Tough Decisions: Managing feed costs, cull rates and handling replacements are among considerations for the producer.

January 3, 2024

2 Min Read
farmer in field with cattle
PUSHING PROFIT: There are many considerations and regular practices that helped push profits for the high-profitability group of cow-calf producers from a University of Minnesota study in Nebraska, South Dakota and North Dakota. Curt Arens

by Randy Saner

Cow-calf producers are always looking at ways to cut costs and improve profits. Looking at recent data from the University of Minnesota Center for Financial Management’s FINBIN Livestock Analysis for 2022 — representing cow-calf operations from Nebraska, South Dakota and North Dakota — can provide producers with some ideas on ways to improve profitability.

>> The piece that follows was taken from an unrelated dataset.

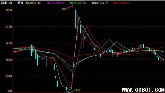 今日青岛国际商品交易所尿素主力合约1009,1590元/吨开盘,窄幅震荡,最高1592元/吨,最低1585元/吨,多空交易分歧较小,价格有所稳定,但是仍然没能看到利好的消息。K线上收于1587元/吨,未能上破5日均线,可能近期构筑调整平台,成交101344手,减仓960手。
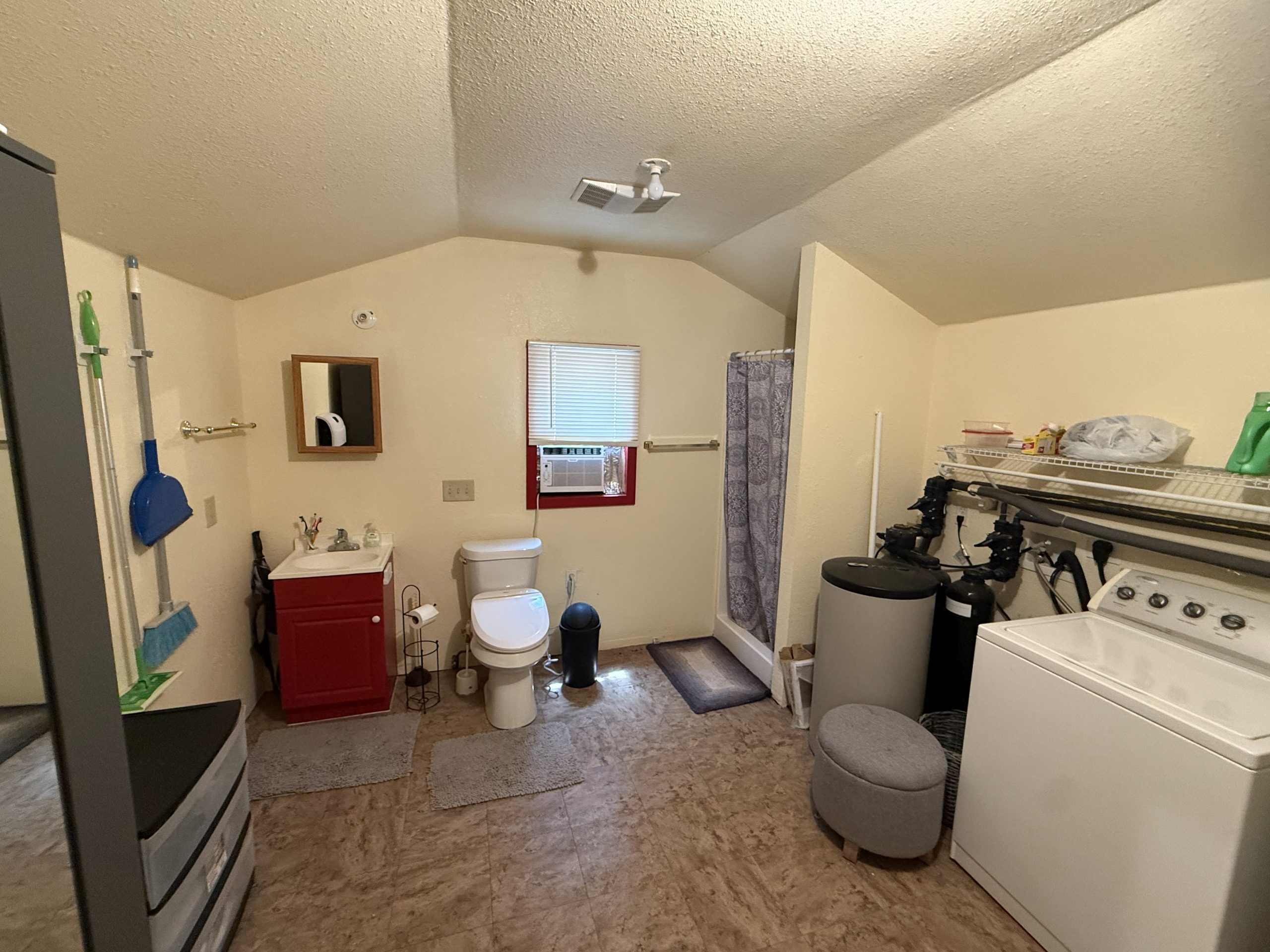 Full bathroom with a heated toilet seat — even outlaws deserve comfort

The top 20% of producers in terms of profitability had a higher gross margin at $1,183.52 versus $959.74, for a $223.78 difference. The lowest-profit group sold more total dollars of calf per cow. The more profitable group sold some calves but transferred some to another enterprise such as a stocker or feedlot program. The high-profitability group also received more government payments ($20.63 versus $4.06 per cow).

High-profit practices

The high-profitability group also bought replacements, which probably means they didn’t save replacements. The low-profitability group bought and transferred in replacements. High-profitability herds had lower cull sales than the low-profitability herd, at $80.35 versus $143.92, with a lower culling percentage (5.6% versus 13.8%).

High-profitability herds had lower total expenses, at $1,045.73 versus $600.64. The average weaning weight was 497 pounds for low versus 525 pounds for the high, but when looking at pounds weaned per cow exposed, it was 443 pounds per exposed female for low, versus 489 pounds per exposed female for high profitability.

Related:Use breakeven analysis for better decision-making

The average price per cwt was $172.19 for the low-profitability herd versus $231 for the high-profitability herd. The average weight of beef calves sold was 635 pounds for the low group, and 525 pounds for the high-profitability group.

The high-profitability group spent a total of $260.34 less on total feed. The high-profitability group spent more on pasture ($43.76) and less on hay (-$215.37) versus the low-profitability group. They also spent more on alfalfa, at $35.58. While it is important to watch feed costs, you still must meet the cow’s requirements, so she will breed back.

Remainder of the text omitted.